As used herein "fixed" tissue is one in which the proteins thereof
have reduced solubility, antigenicity, and biodegrading properties
as compared to the proteins in the native tissue. Typically, the
tissue is fixed by cross-linking the amine groups of the proteins
of the tissue with an aldehyde. The tissue fixation process can
include chemical and/or enzyme decellularization steps. The fixed
tissue is rinsed to substantially reduce the amount of unreacted
fixative within the tissue. In other instances, the biological
tissue is temporarily stored in a buffered saline solution prior to
the inventive treatment disclosed in this application.

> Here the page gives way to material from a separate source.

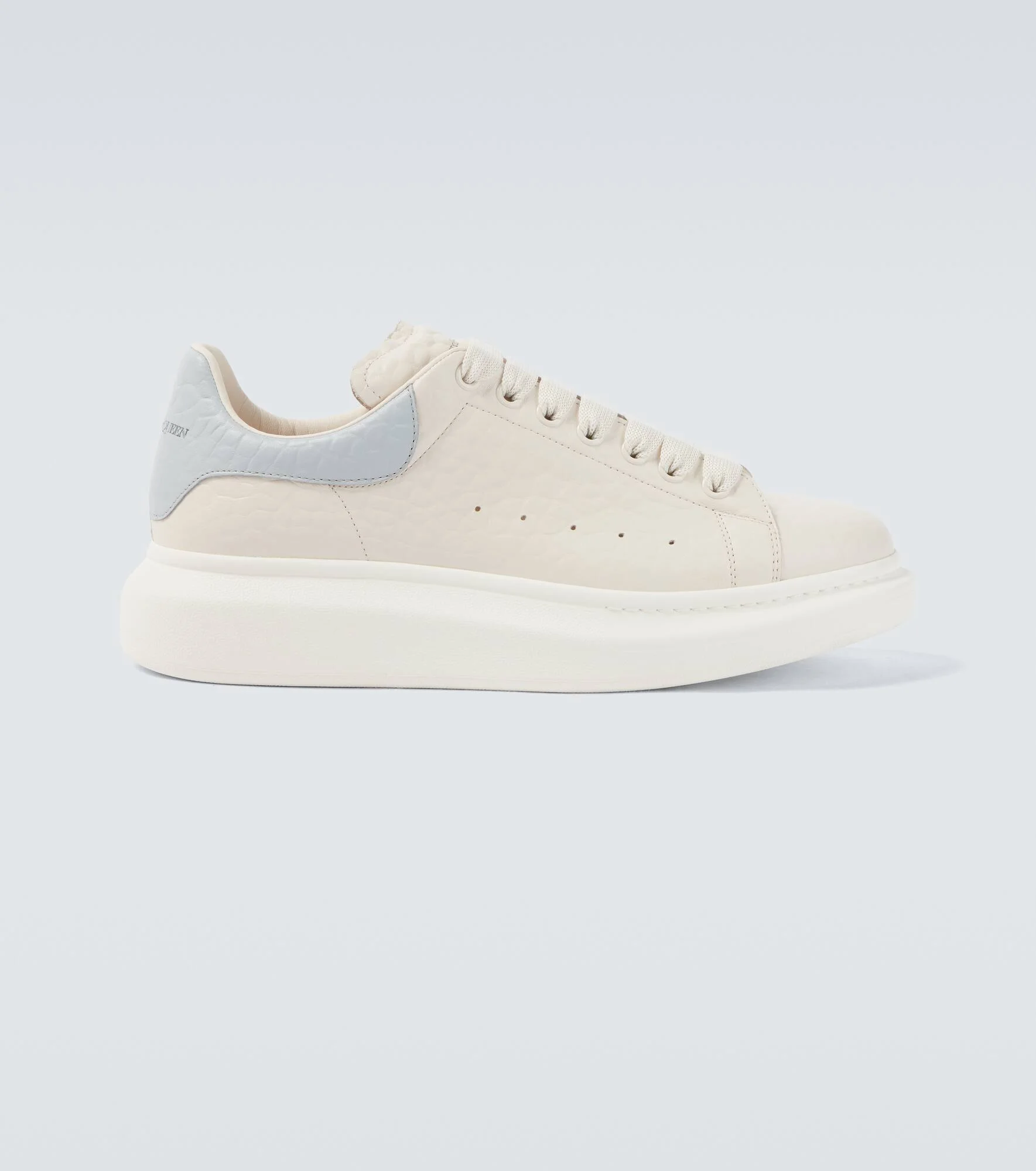 Defined by chunky rubber soles, Alexander McQueen's Oversized leather sneakers elevate the everyday with built-in wedges. An iconic style from the brand, this pair is finished with tonal laces and light blue leather heel counters. Product Details - Upper: lamb leather - Lining: leather - Sole: leather insole, rubber sole - Color: white - Toe shape: round toe - Made in Italy - Includes: shoe box - Designer color name: Off Wh/Ice Blu/Off W - Item color: white - Closure: lace-up - Item number: P01141135 Size & Fit - True to size - European sizes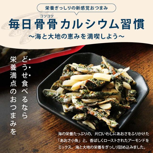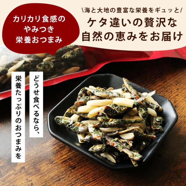 ミネラルやカルシウムがたっぷり含まれた『あおさ小魚 』と、食物繊維や鉄分、ビタミン豊富な『アーモンド』のまさに黄金コンビ。

[0018] The biological tissue is contacted with a treatment
solution, e.g., by immersing the tissue in the solution. In some
embodiments, the volume of the treatment solution is at least two
times, at least fifty times or at least one hundred times, the
volume of the biological tissue that is brought into contact with
the solution. If the biological tissue is to be attached to a
bioprosthetic device for implantation, the tissue can be treated
with the treatment solution prior to its attachment or after its
attachment to the bioprosthetic device. For example, bovine
pericardium can be treated with the treatment solution prior to the
time it is formed into a heart valve, vascular graft, stent
covering, or pericardial patch or after the bovine pericardium is
formed into a heart valve, vascular graft, stent covering, or
pericardial patch.
[0019] The C.sub.1-C.sub.3 alcohol is selected from the group
consisting of methanol, ethanol, isopropanol and n-propanol.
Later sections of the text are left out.